Studies have demonstrated that individuals with depression have an increase in their total REM sleep but a decrease in their REM latency (i.e., the time between sleep onset and the start of the first REM period).[29] 

Aging

Difficulting initiating and maintaining sleep is cited in approximately 43% of elderly individuals. Older adults tend to experience insomnia and earlier wake times, with multiple studies hypothesizing it is due to the advanced circadian rhythm that accompanies age. This causes misaligned melatonin and cortisol secretion rhythms with the circadian clock. Decreased melatonin may be due to the gradual deterioration of the hypothalamic nuclei that drive circadian rhythms. Elderly individuals sleep 36% less than children at age 5. While the ability to sleep becomes more difficult, the need does not decrease. Additional factors include a continuous increase in sleep latency and nighttime awakenings, inconsistency of external cues such as light exposure, irregular meal times, nocturia, and decreased mobility leading to a reduction in exercise. The most notable change associated with aging is the progressive decrease in SWS.[30]

TBI

Studies have shown that individuals with a traumatic brain injury (TBI) experience prolonged sleep onset latencies, shorter total sleep time, and more nighttime awakenings than controls. TBI patients were also found to spend less time in REM sleep. These individuals report poor sleep quality, more daytime dysfunction, and the use of more sleep medication.[31]

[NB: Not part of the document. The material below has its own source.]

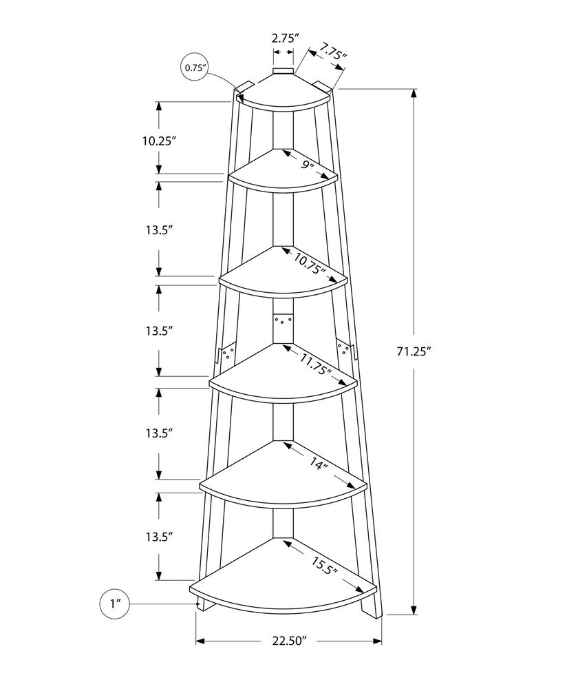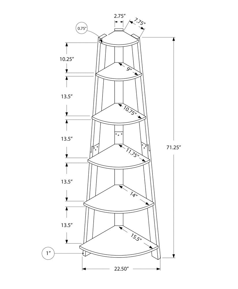 71" Gray Wood Five Tier Corner Bookcase

As humans spend about one-third of their lives asleep, understanding the physiology and pathophysiology of sleep and sleep cycles becomes clinically significant. Lack of sleep affects our memory and ability to think clearly, and sleep deprivation can lead to neurological dysfunction such as mood swings and hallucinations. Those who do not get enough sleep are at higher risk of developing obesity, DM, and cardiovascular disease.[32]

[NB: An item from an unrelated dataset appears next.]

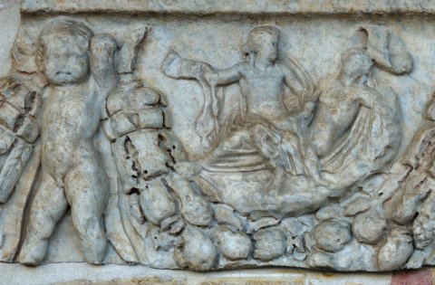 - Mythos ? Fruchtgirlande von zwei Eroten getragen, seitlich schließen weitere Girlanden an; im Girlandenbogen gelagerte Frau und sitzender Mann, beide mit Mantel um Hüften und Beine, Oberkörper entblößt. Mann mit Nackenknoten und Schulterlocken: Dionysos und Ariadne ?

Sleep difficulties are associated with adverse effects on well-being, functioning, and quality of life. Lack of or altered sleep can disrupt family life, well-being, and the ability to care for children or oneself. With 50 to 70 million Americans chronically suffering from a disorder of sleep and wakefulness, it is clinically significant to understand.

Insomnia is a common condition associated with significant impairment in function and quality of life, psychiatric and physical morbidity, and accidents. As such, effective treatment must be provided in clinical practice. Insomnia is a complaint of difficulty falling or staying asleep, associated with significant distress or impairment in daytime function, and occurs despite an adequate opportunity for sleep. It is a common condition, with an approximate general population point prevalence of 10%. As it is common, it will likely be seen in a clinical setting. Available treatment options include both non-medication treatments, most notably cognitive behavioral therapy (CBT) for insomnia, and a variety of pharmacologic therapies such as benzodiazepines, melatonin receptor agonists, selective histamine H1 antagonists, antidepressants, antipsychotics, anticonvulsants, and non-selective antihistamines.[33] 

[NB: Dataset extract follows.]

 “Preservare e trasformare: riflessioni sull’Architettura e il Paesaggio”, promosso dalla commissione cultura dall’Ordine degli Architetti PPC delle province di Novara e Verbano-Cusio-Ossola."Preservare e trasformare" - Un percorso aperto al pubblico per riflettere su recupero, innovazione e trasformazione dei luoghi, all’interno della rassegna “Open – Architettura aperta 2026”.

Alcohol, benzodiazepines, and barbiturates are associated with decreased REM sleep. Benzodiazepines are a significant class of drugs used for the treatment of insomnia as these tend to increase the arousal threshold in stage N3 and REM sleep. These two stages are already known to have the highest arousal threshold, and benzodiazepines further increase this threshold. They also tend to decrease the overall time spent in stage N3 and REM sleep and thus, can be used for night terrors and sleepwalking as these occur in the N3 and REM sleep phase.[34]